In adults with relapsed/refractory DLBCL, Kymriah achieved an overall response rate (ORR) of 58%, including 40% complete response (CR), after a median follow-up of just over four months. That’s shorter than in the pivotal JULIET trial – which looked at response rates at 24 months – but is right in line with the 52% ORR and 38% CR rate in that study.
On safety, the rate of severe (grade 3 or higher) CRS and neurotoxicity was around 4% and 5%, respectively, as compared to 23% and 11% in JULIET.
While the grading scales used were different so no direct comparison can be drawn, the result does suggest that Kymriah treatment is no more hazardous in a real-world setting.

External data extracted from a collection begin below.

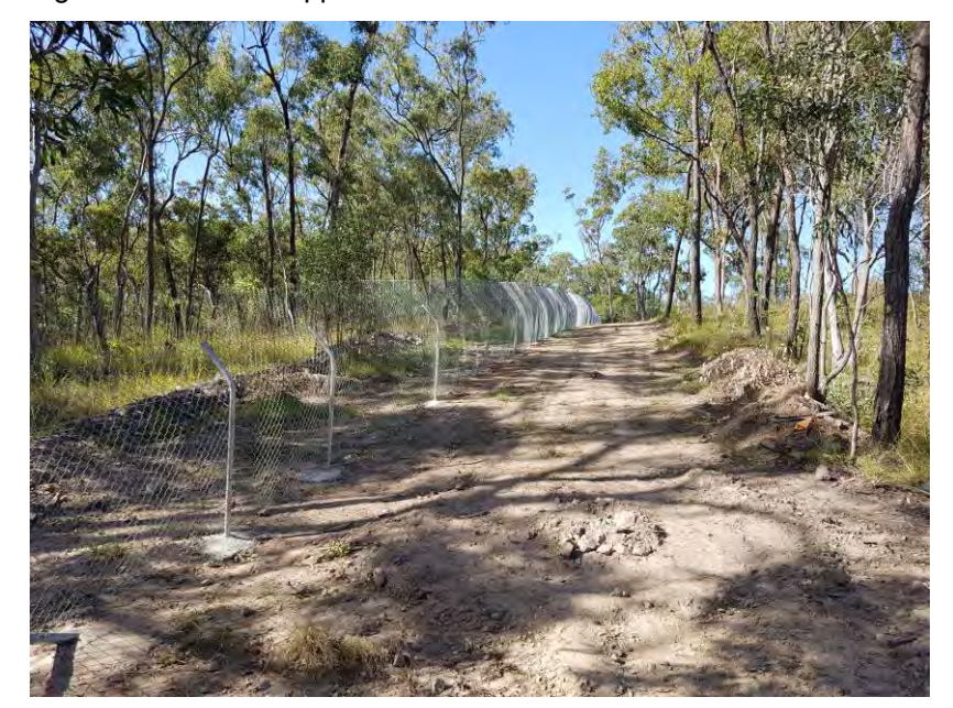
Figure 5: MC002 extension of fauna fence undertaken in February 2018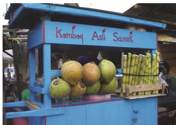
Fig. 6 — Cocos nucifera fruit

In addition to teh gaharu , Gyrinops versteegii also can produce other types of drinks, such as kopi gaharu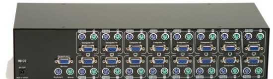
Rear of 16-port PS/2 KVM switch - model MMAKV1680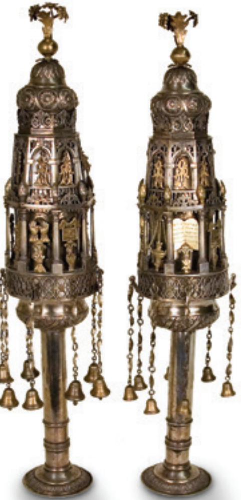
ABOVE: Torah Finials, 1883, Livorno, Italy; Silver and brass. Loan from Judah L. Magnes Museum, Purchase with funds from the Goor Fund. OPPOSITE PAGE RIGHT: The Great Synagogue of Rome (1904). The Great Synagogue of Rome was no mere copy of a Roman temple. This building displayed not just Roman but Greek, Assyro-Babylonian and even Egyptian elements—a proud projection of the variegated history—and identity—of the Jewish community.

In 1965, the Second Vatican Council reversed the Church’s position on the Jews, acknowledging their common patrimony and making discrimination towards Jews officially against Church doctrine. In 1979, Pope John Paul II visited Auschwitz. On April 13, 1986, paying unprecedented respect to the people whom Titus had led in chains 2,000 years before, Pope John Paul II visited the Great Synagogue of Rome, addressing the Jews as his “elder brothers”. DRW MB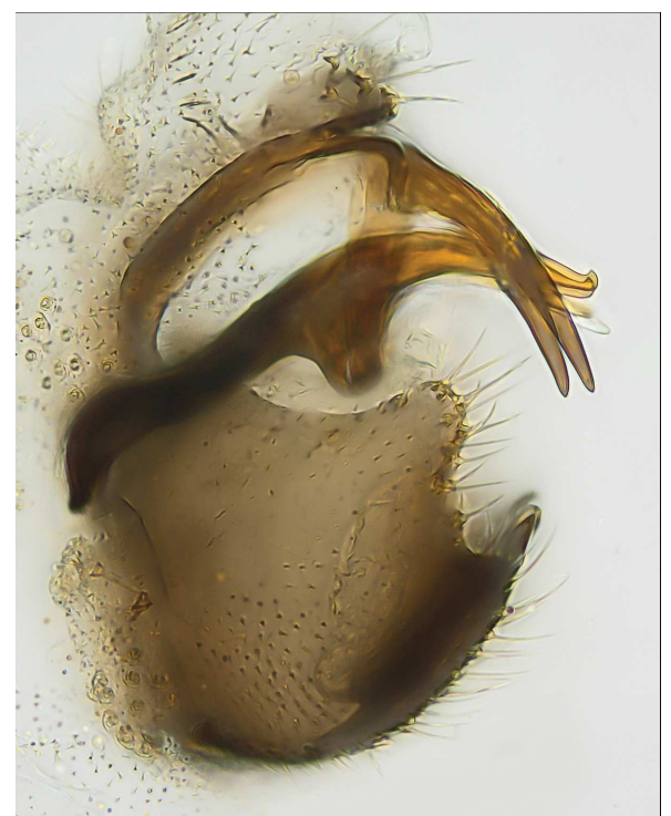
Fig. 1. Lateral view of the male genitalia of Coniopteryx ( Coniopteryx ) hoelzeli H. Aspöck, 1964.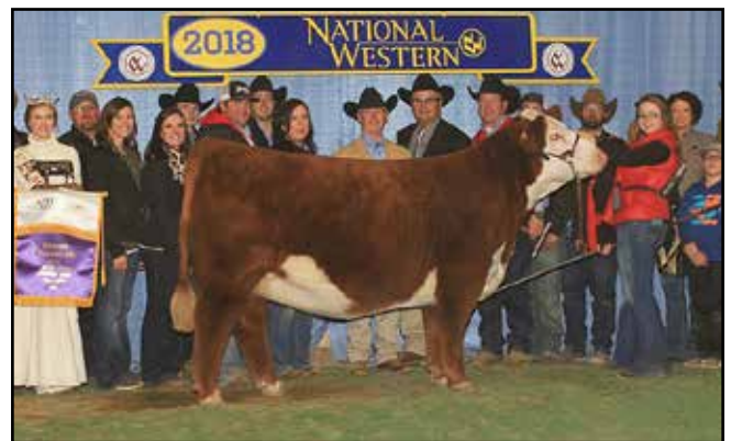
BR AMBER 6089 DAM OF LOTS 103-105

• This is easily one of our top females in this sale. H025 is a great young donor cow that is sired by Belle Air, the two-time National Western Stock Show Supreme Grand Champion and her dam is Amber 6089 who was the 2018 National Western Stock Show Grand Champion Polled Female. She's stout made, great looking, and flawless in her structure. H025 is short-marked with a red-eye and fantastic udder and has one of the top heifer calves in the sale on her side, sired by GKB Everest H088 ET. Adding Anastasia into her calf's immediate pedigree gives her 3 NWSS Grand Champions. H025 is a donor female that will add marbling, fertility, and eye appeal.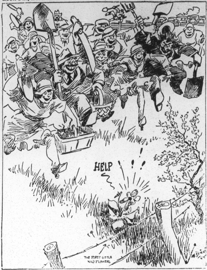
National Wildlife Federation

Look Out, Here Come the Nature Lovers - By Ding Darling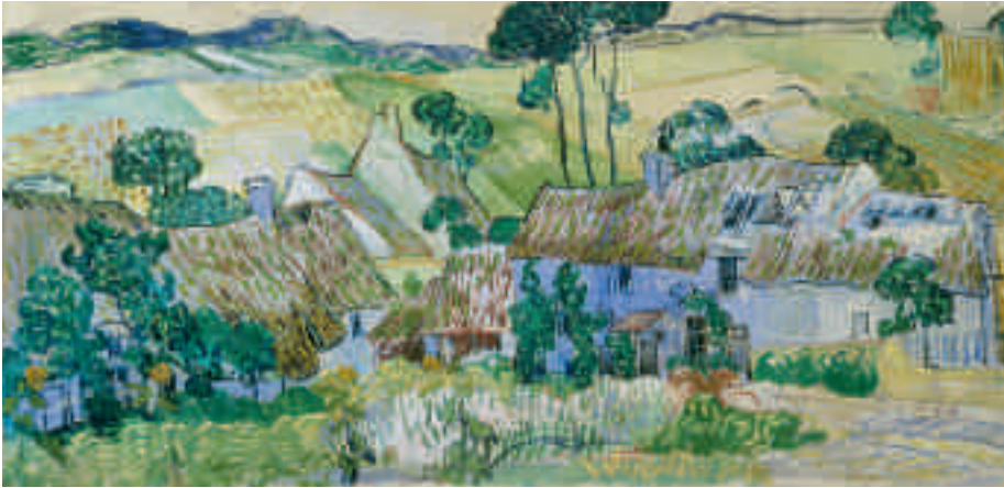
12. Vincent van Gogh, Farms near Auvers , 1890, oil on canvas, 50.2 × 100.3 cm. The National Gallery, London, on loan from Tate; F 793 JH 2114

mention of that in the letter to Theo in which he described his drawing. 29 He merely compared it to his ambitious study of the woman he was living with, the pregnant former prostitute Sien Hoornik (ill. 11). He had portrayed her as a woman scarred by life, and saw similarities to the age-old trees ravaged by nature in his drawing. 'Frantically and fervently rooting itself, as it were, in the earth, and yet being half torn up by the storm. I wanted to express something of life's struggle, both in that white, slender female figure and in those gnarled black roots with their knots. Or rather, because I tried without any philosophizing to be true to nature, which I had before me, something of that great struggle has come into both of them almost inadvertently' [222].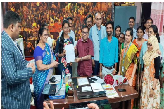
Honorable Commissioner presenting offer letters to selected candidates

That is also backed up by data showing that rescue medicines for CRS like corticosteroids and Roche’s RoActemra/Actemra (tocilizumab) were used less often.

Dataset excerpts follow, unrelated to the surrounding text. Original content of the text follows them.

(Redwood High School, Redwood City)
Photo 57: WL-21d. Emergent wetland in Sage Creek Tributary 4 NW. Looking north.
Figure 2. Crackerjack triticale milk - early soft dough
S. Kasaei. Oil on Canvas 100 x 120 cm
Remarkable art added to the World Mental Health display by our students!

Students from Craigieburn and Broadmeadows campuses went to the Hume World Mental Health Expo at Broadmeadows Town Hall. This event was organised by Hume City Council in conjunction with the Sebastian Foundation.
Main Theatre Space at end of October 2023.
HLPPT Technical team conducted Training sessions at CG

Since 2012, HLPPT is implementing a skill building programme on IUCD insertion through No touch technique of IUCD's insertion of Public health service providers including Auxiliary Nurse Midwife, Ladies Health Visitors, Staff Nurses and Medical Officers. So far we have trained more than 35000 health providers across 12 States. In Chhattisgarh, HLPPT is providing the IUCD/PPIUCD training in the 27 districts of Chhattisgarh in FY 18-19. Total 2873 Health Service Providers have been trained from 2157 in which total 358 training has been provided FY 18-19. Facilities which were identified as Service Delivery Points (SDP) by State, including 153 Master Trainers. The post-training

The pattern in children and young adults with relapsed/refractory ALL was the same, with a CR rate of 85% after six months compared to 82% in the pivotal ELIANA study. On safety, severe CRS and neurotoxicity rates were 14% and 8% in the real world respectively, versus 48% and 13% in ELIANA.
The data lends confidence to Kymriah’s clinical profile as it continues to jostle for market share with Gilead’s rival CAR-T Yescarta (axicabtagene ciloleucel) – which is approved for DLBCL and another form of non-Hodgkin’s lymphoma called primary mediastinal large B-cell lymphoma (PMBCL) but not ALL.
Both the CAR-Ts are also facing possible competition from Bristol-Myers Squibb’s lisocabtagene maraleucel, which it acquired as part of its takeover of Celgene and is due to be filed before the end of the year for B-cell lymphomas.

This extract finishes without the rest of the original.